# TASK DETAILS:
The answer is the exact run of lines in the listing below from the line containing "约161.99㎡ 4室2厅2卫,总价约955万元" up to and including the line containing "The Failsworth Hats", with pictures removed.
= = = =
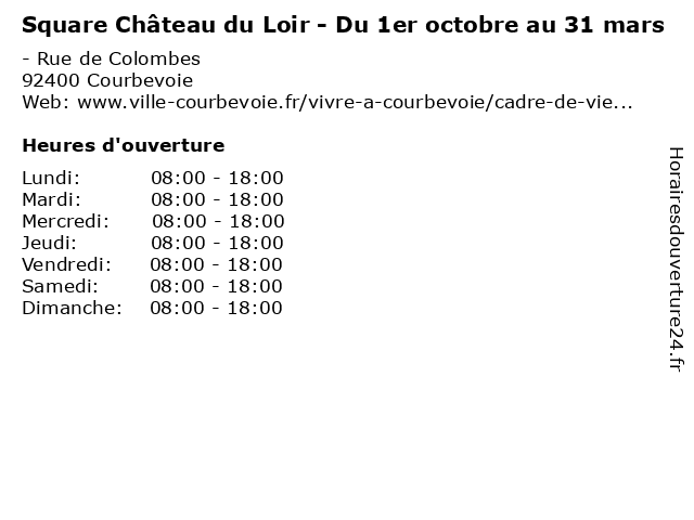 1 Square Château du Loir - Du 1er mai au 31 mai / Du 1er septembre au 30 septembre (Distance: 0,00 km) - Rue de Colombes, 92400 Courbevoie 1er, 30, 31, arbre, au, château, du, espace vert, forêt, jardin, loir, loisirs, mai, nature, parc, prairie, septembre, square 2 Square Château du Loir - Du 1er juin au 31 août (Distance: 0,00 km) - Rue de Colombes, 92400 Courbevoie 1er, 31, août, arbre, au, château, du, espace vert, forêt, jardin, juin, loir, loisirs, nature, parc, prairie, square 3 Square des Boudoux - Du 1er octobre au 31 mars (Distance: 0,24 km) - Rue des Boudoux, 92400 Courbevoie 1er, 31, arbre, au, boudoux, des, du, espace vert, forêt, jardin, loisirs, mars, nature, octobre, parc, prairie, square 4 Square des Boudoux - Du 1er mai au 31 mai / Du 1er septembre au 30 septembre (Distance: 0,24 km) - Rue des Boudoux, 92400 Courbevoie 1er, 30, 31, arbre, au, boudoux, des, du, espace vert, forêt, jardin, loisirs, mai, nature, parc, prairie, septembre, square 5 Square des Boudoux - Du 1er juin au 31 août (Distance: 0,24 km) - Rue des Boudoux, 92400 Courbevoie 1er, 31, août, arbre, au, boudoux, des, du, espace vert, forêt, jardin, juin, loisirs, nature, parc, prairie, square 6 Square Brunettes Kruger - Du 1er octobre au 31 mars (Distance: 0,25 km) - Rue du Président Kruger, 92400 Courbevoie 1er, 31, arbre, au, brunettes, du, espace vert, forêt, jardin, kruger, loisirs, mars, nature, octobre, parc, prairie, square |
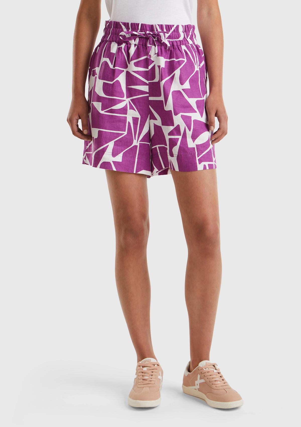 Kadın Mor %100 Keten Tamamı Desenli Beli Bağlamalı Şort
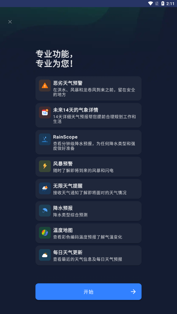 -您可以直接访问您最喜爱的城市,或者根据自己的喜好设置通知栏中的天气提醒内容。
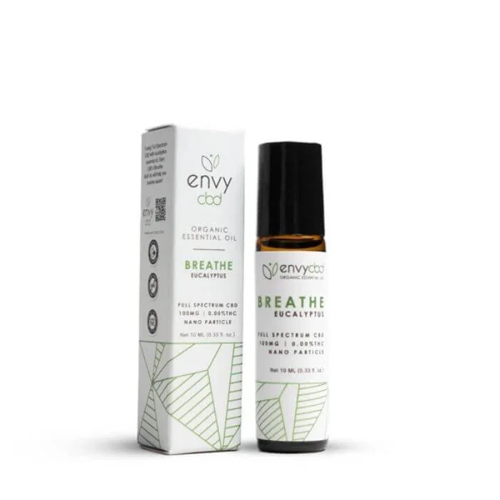 Breathe easy with Envy CBD's Essential Oil Roller! Formulated with eucalyptus essential oil and Full Spectrum CBD, expect an increase in relaxation and calmness as those airways open up, allowing you to take control of your day. 100MG 10ml Ingredients: Fractionated Coconut Oil, Eucalyptus Essential Oil, Full Spectrum CBD (0.00% THC), Phytocannabinoid-Rich (PCR) Hemp Oil How to Use: Apply to pressure points such as temples, neck, shoulders, or the back of wrists to encourage improved wellness. Warnings: - Keep out of reach of children. Consult your healthcare provider before taking if you are pregnant or nursing or have any other medical conditions. Do not ingest. For External use only. Keep away from eyes. Discontinue use if irritation develops. Store in a cool dry place away from direct sunlight. This product contains less than 0.00% THC. - These statements have not been evaluated by the Food and Drug Administration. This product is not intended to diagnose, treat, cure, or prevent any disease. Keep out of reach of children. Consult your healthcare provider before taking if you are pregnant or nursing or have any other medical conditions. Made in USA under the Colorado Dept. of Agriculture Program.
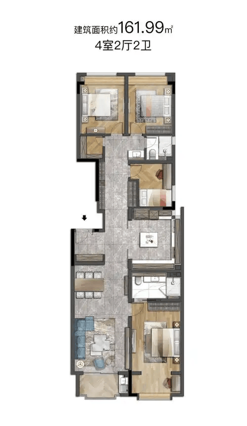 约161.99㎡ 4室2厅2卫,总价约955万元
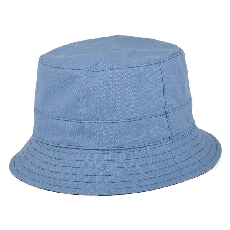 The Failsworth Hats Reversible Cotton Bucket Hat in sky blue is reversible so it has two very unique looks. One side features a tropical print and the other side is a solid sky blue colour. You can roll this hat up for easy packing.
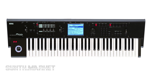 And that’s when Korg went the other way – instead of engineering sophisticated and stunning machines the developers who’ve been already sitting at the very top of the world decided to simply enjoy the ride (down the Olympus): Korg began to cut off anything “extra” making it cheaper and just reap the rewards. That’s how Korg M50 was devised – a good example of what we’re trying to figure out about Korg. M3 was undercut by its direct successor M50 (more than three times cheaper). Some features were gone together with the price: polyphony (80 voices vs 120), standard pads and sliders, audio sequences creation possibility and that famous KARMA arpeggiator which was given to M3 and OASYS while M50 was “flashed back” to Triton’s patterns. Dynamic Drum Tracks helped to build drum beats. Anyway, M50 didn’t compromise anything supplying best quality to us and proving to be as good as its predecessor. It is based on M3 Extended Definition Synthesis sound engine and also sports REMS (Resonant structure and Electronic circuit Modelling System) onboard. As for the instruments you’ll find here 608 brilliant mono patches: from re-created magic Korg SG-1 piano to brisk lead and aggressive drum sounds. M50 will help you discover their character offering 384 possible combinations featuring an equalizer per part. The workstation comprises 256 Mb of PCM data, a 61-note version with the semi-weighted Natural Touch keyboard while an 88-note keyboard features the Real Weighted Hammer Action 3 (RH3) technology. Besides, M50 was made to be greatly compatible with DAW. There are only 2 audio outputs, MIDI in/out, 3 jacks for pedals, USB and the ability to save recorded data onto an SD-card up to 2 Gb. The display replicates the one you could see in M3 but here it’s actually monochrome – as Triton featured – which is another budget solution.
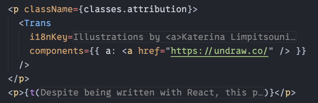When creating views and templates, you may want to include static text such as <a href="...">Read more</a> links or labels like Written by {{author}}. For all user-facing translations, we use the i18next and react-i18next libraries. This guide covers the basics, but you can refer to the official documentation for more details.
= = = =
# TASK RESULT:
 约161.99㎡ 4室2厅2卫,总价约955万元
 The Failsworth Hats Reversible Cotton Bucket Hat in sky blue is reversible so it has two very unique looks. One side features a tropical print and the other side is a solid sky blue colour. You can roll this hat up for easy packing.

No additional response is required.